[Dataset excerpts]
--- --- ---

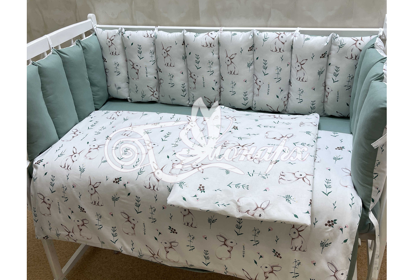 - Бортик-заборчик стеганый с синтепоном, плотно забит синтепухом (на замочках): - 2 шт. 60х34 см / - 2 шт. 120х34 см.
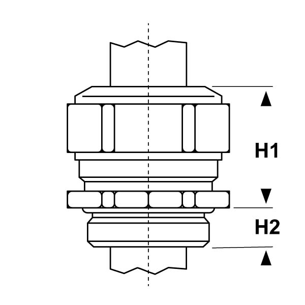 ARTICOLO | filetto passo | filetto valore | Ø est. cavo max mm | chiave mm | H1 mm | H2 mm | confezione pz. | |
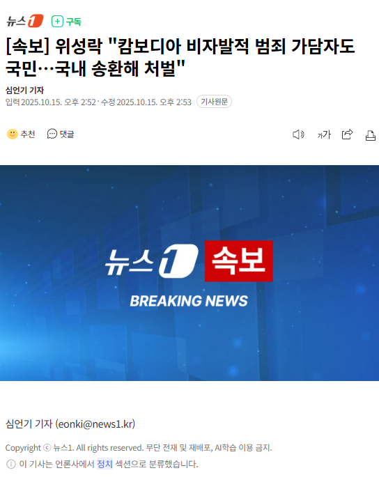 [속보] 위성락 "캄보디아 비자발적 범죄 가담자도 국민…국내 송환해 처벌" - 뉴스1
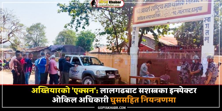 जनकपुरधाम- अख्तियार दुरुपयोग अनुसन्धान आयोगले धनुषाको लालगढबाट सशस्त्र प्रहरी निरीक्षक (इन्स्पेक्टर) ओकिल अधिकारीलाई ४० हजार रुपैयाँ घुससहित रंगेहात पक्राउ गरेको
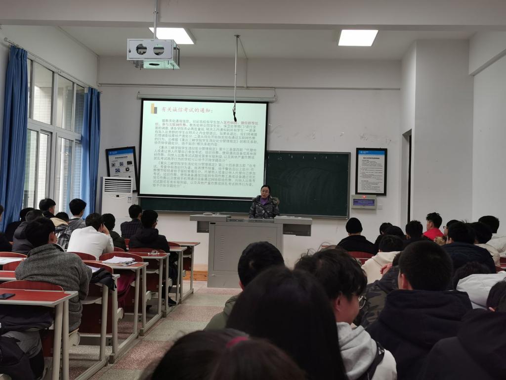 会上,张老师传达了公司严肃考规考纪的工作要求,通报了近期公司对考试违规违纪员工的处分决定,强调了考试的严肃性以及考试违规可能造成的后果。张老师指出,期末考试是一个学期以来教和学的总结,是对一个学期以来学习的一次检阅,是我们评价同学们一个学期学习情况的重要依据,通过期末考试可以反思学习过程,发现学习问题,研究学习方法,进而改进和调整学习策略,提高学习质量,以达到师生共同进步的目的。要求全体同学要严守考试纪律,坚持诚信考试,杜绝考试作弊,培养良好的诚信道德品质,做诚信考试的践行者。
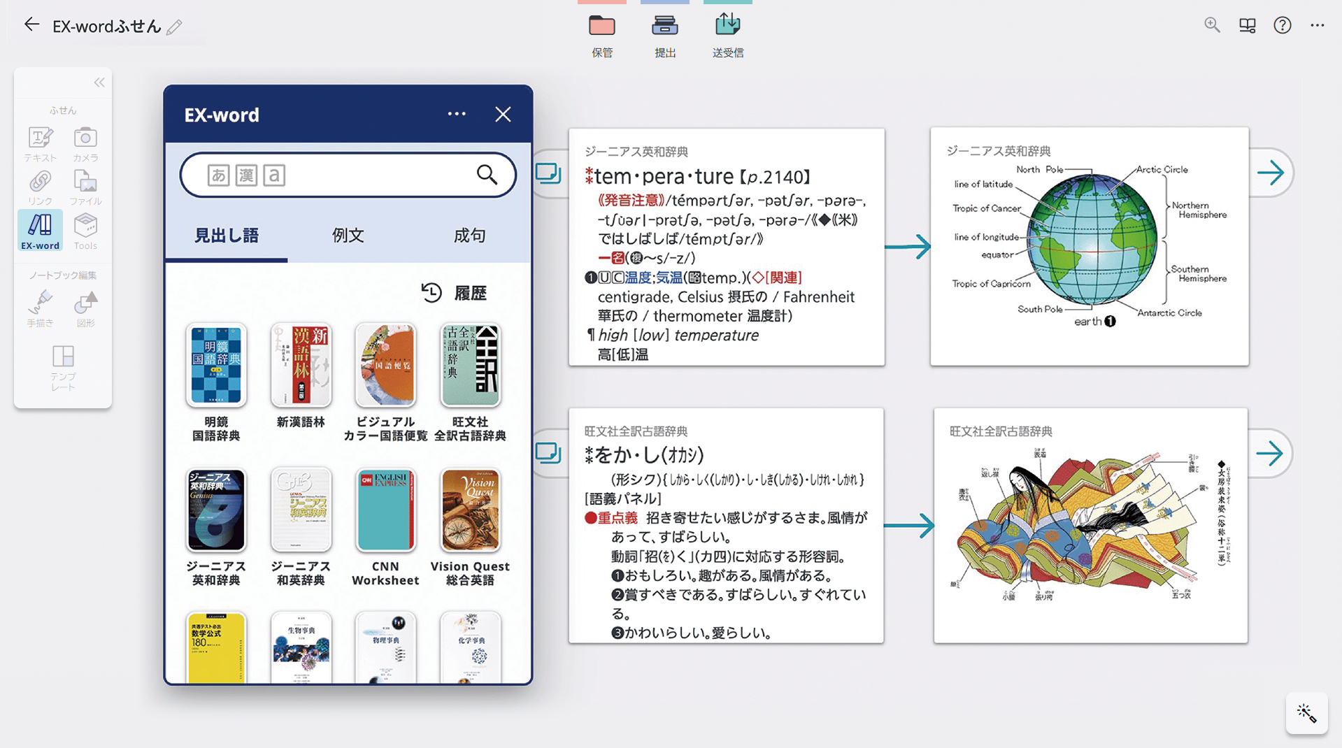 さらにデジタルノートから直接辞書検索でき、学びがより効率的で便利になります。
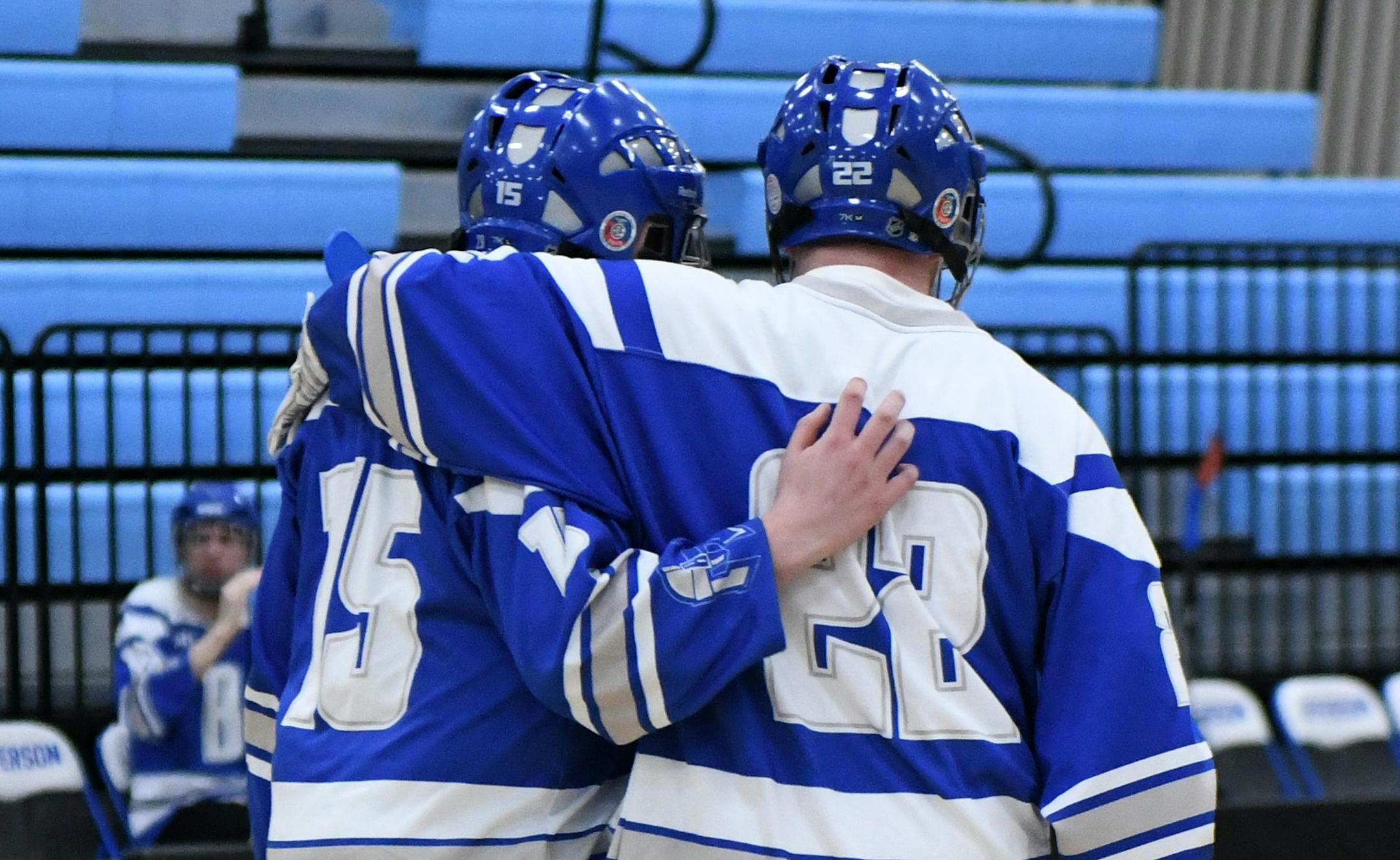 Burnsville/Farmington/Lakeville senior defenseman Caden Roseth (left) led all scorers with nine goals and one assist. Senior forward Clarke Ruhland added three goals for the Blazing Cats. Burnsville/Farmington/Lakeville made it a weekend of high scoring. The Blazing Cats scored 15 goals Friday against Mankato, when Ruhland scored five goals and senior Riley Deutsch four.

--- --- ---

* **What you need to do**: Print the entries as they stand, first line through the line holding "비자발적 범죄 가담자도", with every picture removed.

* **Reply to the exercise**:
 - Бортик-заборчик стеганый с синтепоном, плотно забит синтепухом (на замочках): - 2 шт. 60х34 см / - 2 шт. 120х34 см.
 ARTICOLO | filetto passo | filetto valore | Ø est. cavo max mm | chiave mm | H1 mm | H2 mm | confezione pz. | |
 [속보] 위성락 "캄보디아 비자발적 범죄 가담자도 국민…국내 송환해 처벌" - 뉴스1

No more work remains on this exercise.